> [About this exercise] Starting at the line below that contains "藝術家 Leonardo Ulian" and ending at the line that contains "Весна и лето", retype each line exactly as it stands, but omit the pictures.

> [Data]
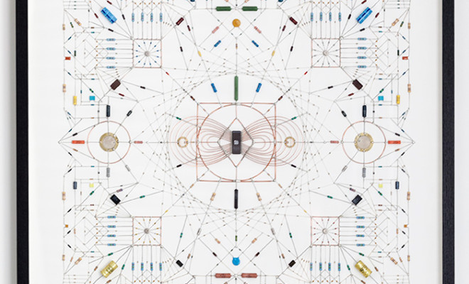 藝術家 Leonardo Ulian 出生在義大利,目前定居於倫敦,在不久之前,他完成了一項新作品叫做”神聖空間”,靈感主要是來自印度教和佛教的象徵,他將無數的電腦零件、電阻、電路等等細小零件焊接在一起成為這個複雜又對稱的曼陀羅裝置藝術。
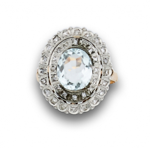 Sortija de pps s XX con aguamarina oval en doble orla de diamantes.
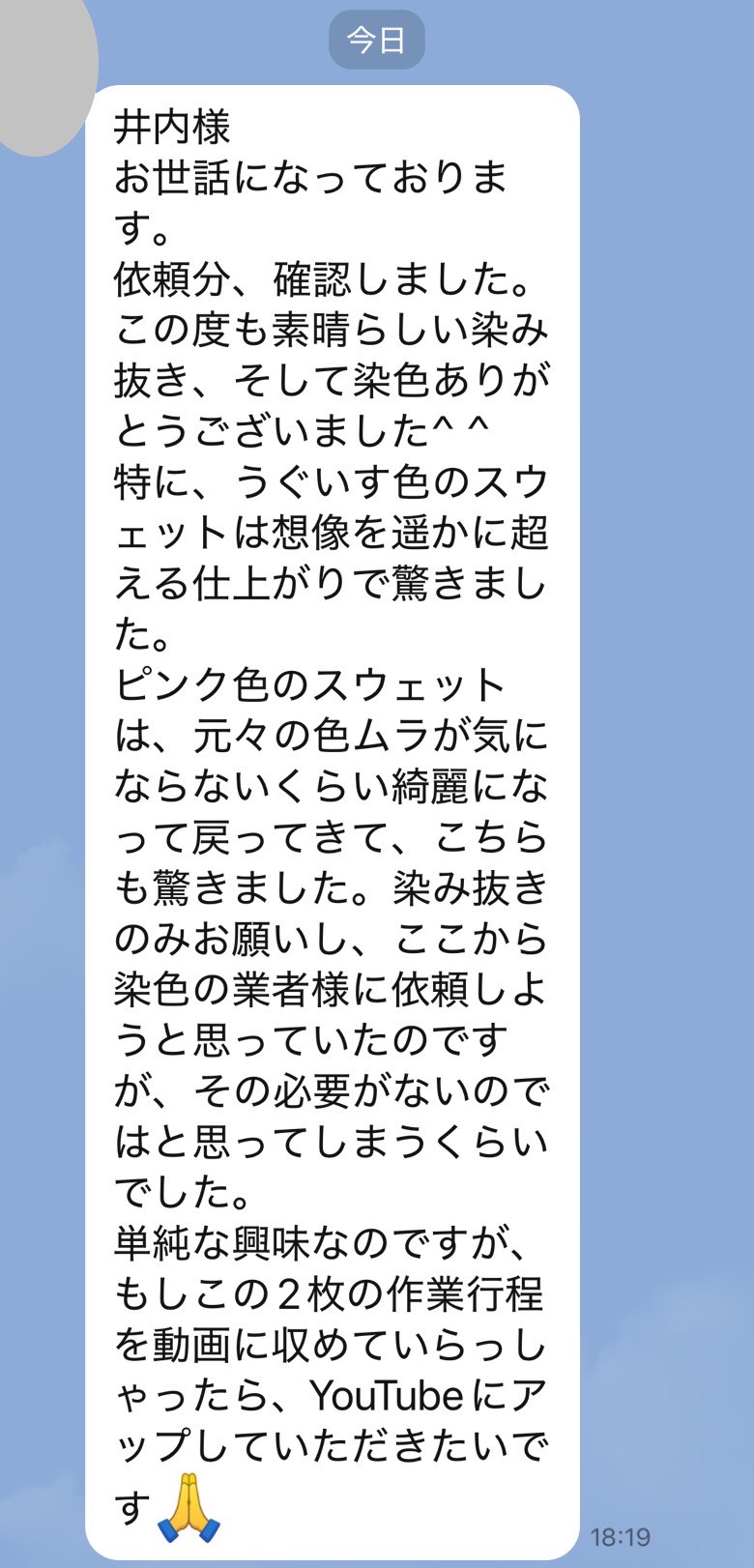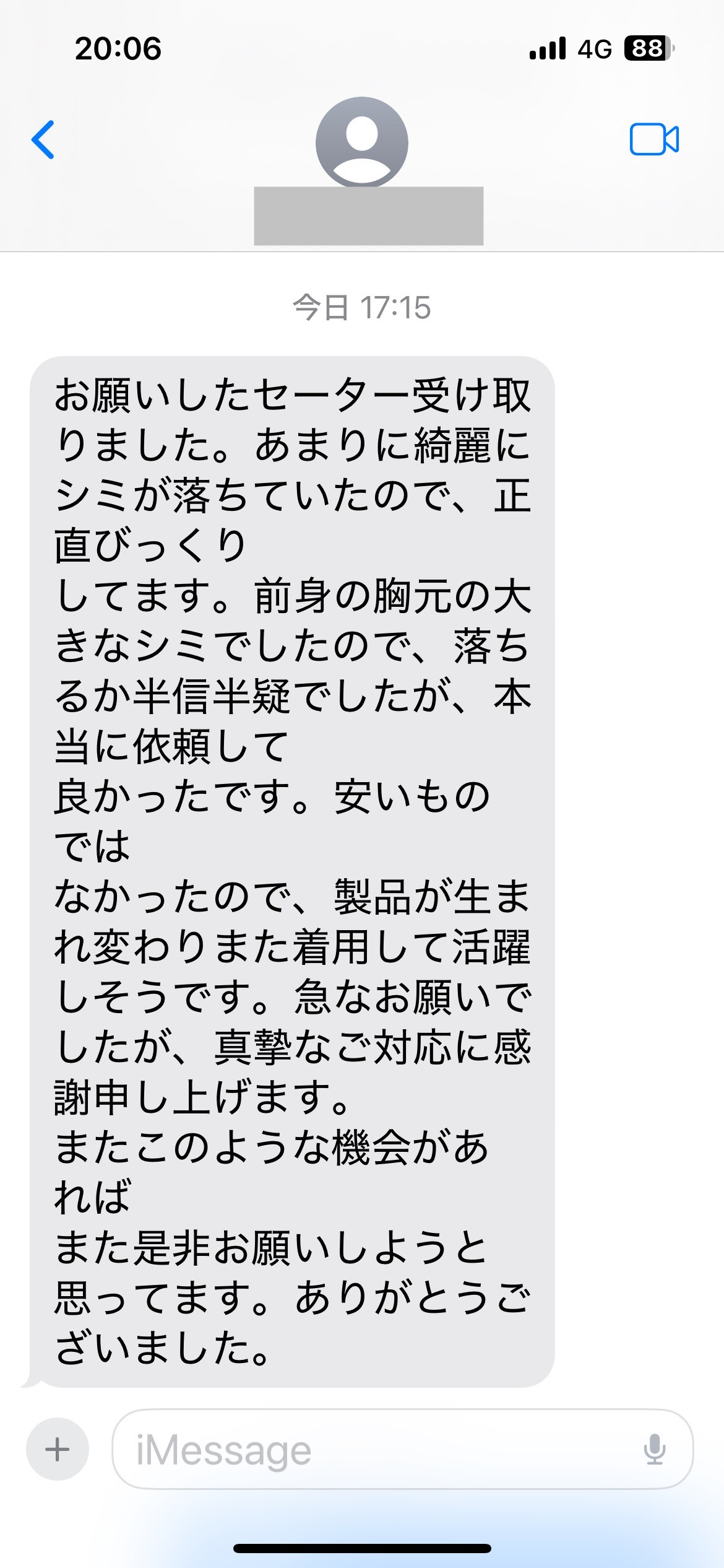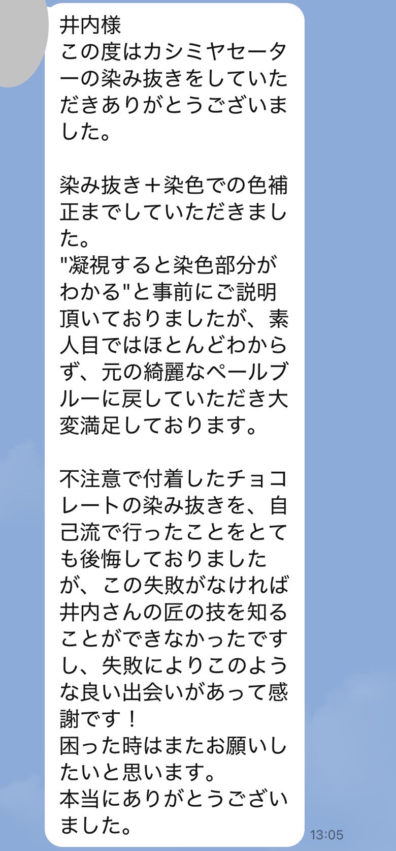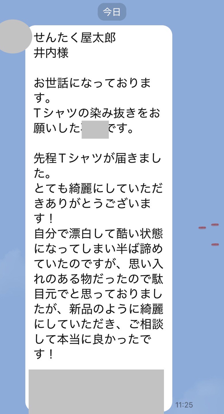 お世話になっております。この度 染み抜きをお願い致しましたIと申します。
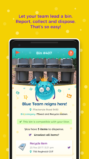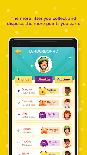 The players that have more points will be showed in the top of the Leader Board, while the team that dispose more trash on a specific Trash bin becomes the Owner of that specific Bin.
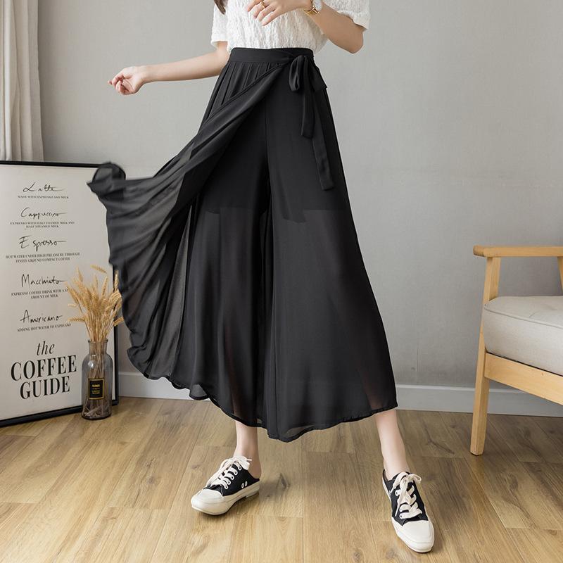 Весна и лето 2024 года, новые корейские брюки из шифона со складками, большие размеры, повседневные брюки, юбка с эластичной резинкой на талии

==

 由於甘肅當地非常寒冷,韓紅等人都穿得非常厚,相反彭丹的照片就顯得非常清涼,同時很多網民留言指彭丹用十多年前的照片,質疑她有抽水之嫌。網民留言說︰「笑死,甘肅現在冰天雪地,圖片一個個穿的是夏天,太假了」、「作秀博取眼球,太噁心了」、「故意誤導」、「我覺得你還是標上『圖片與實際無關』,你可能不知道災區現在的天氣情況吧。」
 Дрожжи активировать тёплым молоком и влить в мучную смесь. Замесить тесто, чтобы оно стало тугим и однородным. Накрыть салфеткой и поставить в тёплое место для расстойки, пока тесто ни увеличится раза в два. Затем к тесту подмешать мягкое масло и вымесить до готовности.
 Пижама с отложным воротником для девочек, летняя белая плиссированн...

> [Reply]
 藝術家 Leonardo Ulian 出生在義大利,目前定居於倫敦,在不久之前,他完成了一項新作品叫做”神聖空間”,靈感主要是來自印度教和佛教的象徵,他將無數的電腦零件、電阻、電路等等細小零件焊接在一起成為這個複雜又對稱的曼陀羅裝置藝術。
 Sortija de pps s XX con aguamarina oval en doble orla de diamantes.
 お世話になっております。この度 染み抜きをお願い致しましたIと申します。
 The players that have more points will be showed in the top of the Leader Board, while the team that dispose more trash on a specific Trash bin becomes the Owner of that specific Bin.
 Весна и лето 2024 года, новые корейские брюки из шифона со складками, большие размеры, повседневные брюки, юбка с эластичной резинкой на талии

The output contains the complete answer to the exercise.